Mr Bass, though, predicts more than higher yields: “They will have a bond crisis in the next couple of years. A bond crisis doesn’t mean spread widening. It means they lose control of rates and their currency.”

Yet Mr Bass is no kook or perma bear, the investing equivalent of a stopped clock. He has form as one of the select group who predicted and profited from the housing crash in 2007. According to investors, his $1.5bn hedge fund has averaged after-fee returns of 25 per cent a year since 2006.

He is also mostly long, investing in securitised credit, and such things as bank loans issued by SuperMedia, a legacy Yellow Pages-style business.

He demurs on the details of his Japan bets, but the suggestion is option positions that, like those on pre-crisis mortgage-backed securities, trade at the wrong price. Mr Bass says: “What’s funny is that we’re pricing optionality on the risk-free rate using the risk-free rate as an input. So, basically, the outcome of that formula at secular turning points is just wrong.”
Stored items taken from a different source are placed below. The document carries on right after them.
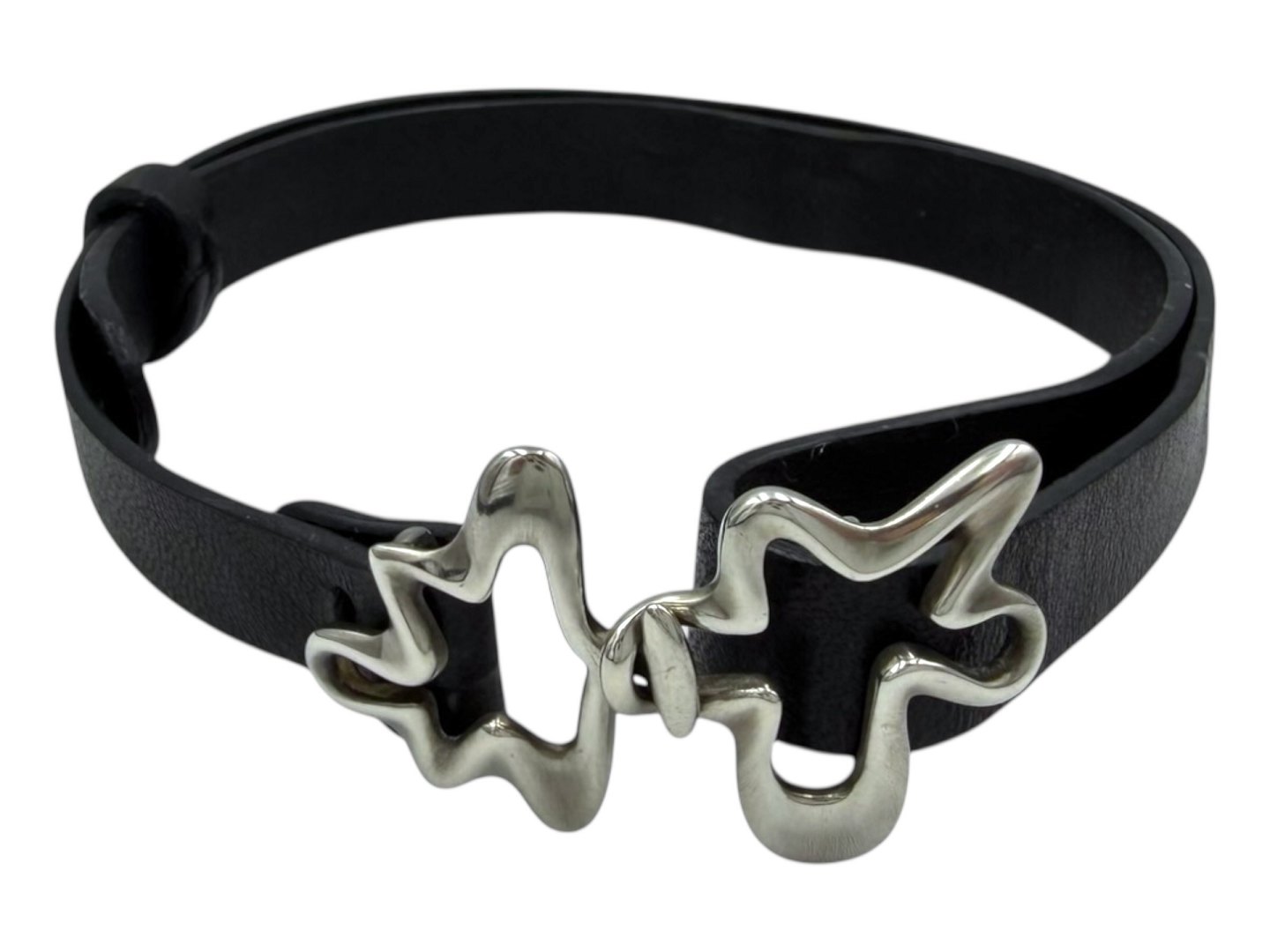 Georg Jensen sterling silver, Splash bracelet with original black leather.
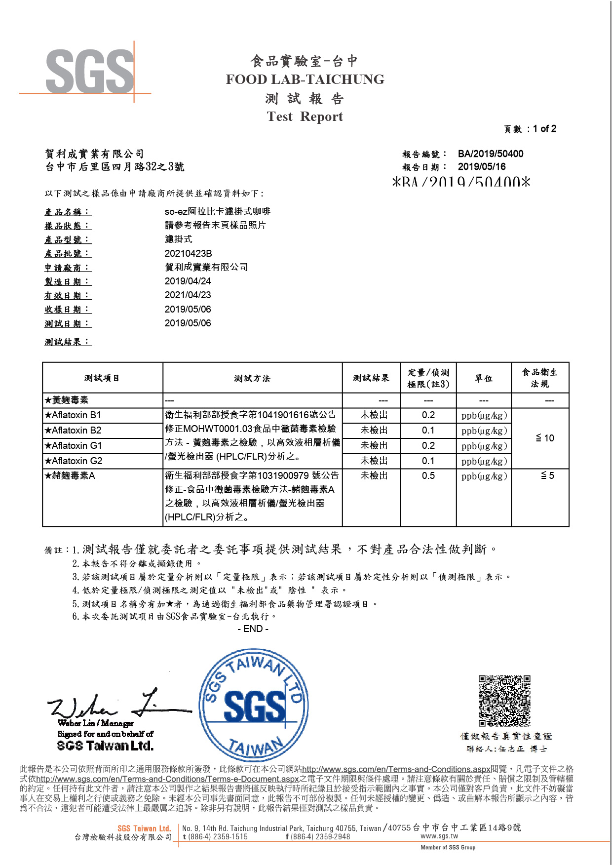 我們將so-ez濾掛咖啡送SGS檢驗,全數過關檢驗合格。
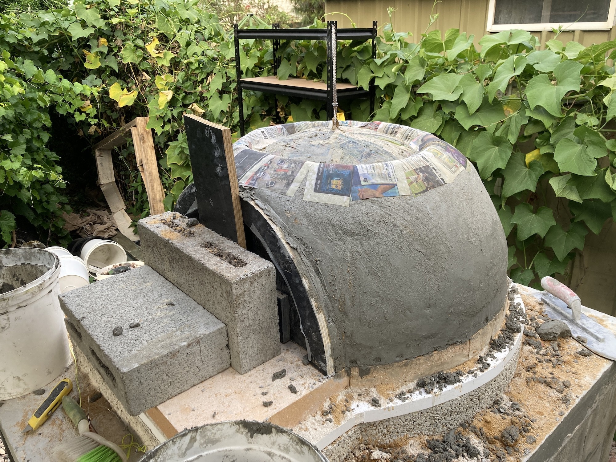 We are a few weeks into building our homebrew dome oven, and just finished the foundation.
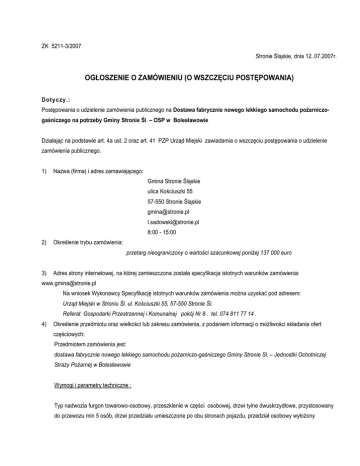 ZK 5211-3/2007 Stronie Śląskie, dnia 12..07.2007r. OGŁOSZENIE O ZAMÓWIENIU (O WSZCZĘCIU POSTĘPOWANIA) Dotyczy.: Postępowania o udzielenie zamówienia publicznego na Dostawa fabrycznie nowego lekkiego samochodu poŜarniczogaśniczego na potrzeby Gminy Stronie Śl. – OSP w Bolesławowie Działając na podstawie art. 4a ust. 2 oraz art. 41 PZP Urząd Miejski zawiadamia o wszczęciu postępowania o udzielenie zamówienia publicznego. 1) Nazwa (firma) i adres zamawiającego: Gmina Stronie Śląskie ulica Kościuszki 55 57-550 Stronie Śląskie [email protected] [email protected] 8:00 - 15:00 2) Określenie trybu zamówienia: przetarg nieograniczony o wartości szacunkowej poniŜej 137 000 euro 3) Adres strony internetowej, na której zamieszczona została specyfikacja istotnych warunków zamówienia: [email protected] Na wniosek Wykonawcy Specyfikację istotnych warunków zamówienia moŜna uzyskać pod adresem: Urząd Miejski w Stroniu Śl. ul. Kościuszki 55, 57-550 Stronie Śl. Referat Gospodarki Przestrzennej i Komunalnej pokój Nr 8 . tel. 074 811 77 14 . 4) Określenie przedmiotu oraz wielkości lub zakresu zamówienia, z podaniem informacji o moŜliwości składania ofert częściowych: Przedmiotem zamówienia jest: dostawa fabrycznie nowego lekkiego samochodu poŜarniczo-gaśniczego Gminy Stronie Sl. – Jednostki Ochotniczej StraŜy PoŜarnej w Bolesławowie Wymogi i parametry techniczne : Typ nadwozia furgon towarowo-osobowy, przeszklenie w części osobowej, drzwi tylne dwuskrzydłowe, przystosowany do przewozu min 5 osób, drzwi przedziału umieszczone po obu stronach pojazdu, przedział osobowy wyłoŜony tapicerką i podsufitką. Silnik: wysokopręŜny, doładowany o mocy min. 70 KW Napęd: przedni Kolor pojazdu: Czerwony ze zwyczajowym/standardowym oznakowaniem i osygnalizowaniem cechującym samochody poŜarnicze. Typ nadwozia furgon towarowo-osobowy, przeszklenie w części osobowej Ładowność pojazdu min 1110 kg ( wraz z kierowcą i pasaŜerami) Objętość przedziału ładunkowego nie mniej niŜ 4,5 m3 Skrzynia biegów manualna 5-cio biegowa. Wykonawca w zakresie całego przedmiotu zamówienia zobowiązany będzie do udzielenia gwarancji: - mechanicznej na okres nie krótszy niŜ 3 lata - na powłokę lakierniczą na okres nie krótszy niŜ 5 lat - na perforacje karoserii na okres nie krótszy niŜ 5 lat. Wspólny Słownik Zamówień: kod CPV 34144210-3 5) Informacja o moŜliwości złoŜenia oferty wariantowej: Zamawiający dopuszcza moŜliwość składania ofert wariantowych 6) Termin wykonania zamówienia: do dnia 31.08.2007 7) Opis warunków udziału w postępowaniu oraz opis sposobu dokonywania oceny spełniania tych warunków: Wykonawcą moŜe być osoba fizyczna, osoba prawna lub jednostka organizacyjna nie posiadająca osobowości prawnej oraz podmioty wspólne (konsorcjum , spółka cywilna) O udzielenie zamówienia mogą ubiegać się wykonawcy , którzy spełniają warunki określone w art. 22 ust 1 ustawy Prawo zamówień publicznych. Ocena spełnienia warunków dokonana zostanie zgodnie z formułą "spełnia", "nie spełnia" w oparciu o informacje zawarte w dokumentach i oświadczeniach Wykonawcy. Z treści załączonych oświadczeń i dokumentów musi wynikać jednoznacznie, iŜ warunek został spełniony. 8) Informacja na temat wadium: ---------------------------- 9) Kryteria oceny ofert i ich znaczenie: NAZWA KRYTERIUM WAGA CENA 100 10) miejsce i termin składania ofert: w siedzibie zamawiającego Urząd Miejski ulica Kościuszki 55 57-550 Stronie Śląskie Pokój nr 15 do dnia 27.07 .2007 r. do godz.10:00. 11) Adres strony internetowej, na której zamieszczona została specyfikacja istotnych warunków zamówienia: adres strony internetowej [email protected] 12) miejsce i termin otwarcia ofert: w siedzibie zamawiającego Urząd Miejski ulica Kościuszki 55 57-550 Stronie Śląskie Pokój 17 dnia 27.07.2007r. o godz. 10:00 13) Termin związania ofertą Wykonawca pozostaje związany ofertą przez okres 30 dni, tj. do dnia 27.08.2007 r. 14) informacje o zamiarze zawarcia umowy ramowej Nie przewiduje się zawarcia umowy ramowej 15) Informacje o zamiarze ustanowienia dynamicznego systemu zakupów wraz z adresem strony internetowej, na której będą zamieszczane dodatkowe informacje dotyczące dynamicznego systemu zakupów informacje o dynamicznym systemie zakupów ----------adres strony internetowej ----------16) informacje o przewidywanym wyborze najkorzystniejszej oferty z zastosowaniem aukcji elektronicznej wraz z adresem strony internetowej, na której będzie prowadzona aukcja elektroniczna nie stosuje się aukcji elektronicznej -------------- pieczęć podłuŜna o treści: Z up. BURMISTRZA mgr inŜ. Dariusz Chromiec Zastępca Burmistrza oraz nieczytelny podpis ___________________________

For Japan, that turning point is approaching, and to explain why he turns to Bernard Madoff, the US mega-fraudster. “As long as you have more people entering than exiting, you can maintain any kind of fraud, lie, or non-payment of obligations.”

What previous Japan bears missed, he says, was the mechanisms funding Japan. Current account surpluses ran at 3 per cent to 6 per cent, and fiscal deficits used to be only 3 per cent of economic output. Meanwhile, Japanese savers reliably bought JGBs.

However, the population has peaked and spenders now outweigh savers, the current account surplus has almost gone, and the budget deficit has ballooned to 11 per cent of gross domestic product. “The entire mechanism by which they fund themselves has literally changed overnight,” he says.

The standard riposte to this is twofold, that net debt is offset by Y4tn of government asset holdings, and that domestic buyers of Japan’s debt will rally round in any crisis.

“This gross versus net argument is just silly,” says Mr Bass. “If they go to try to sell any of those assets, it will create a panic.”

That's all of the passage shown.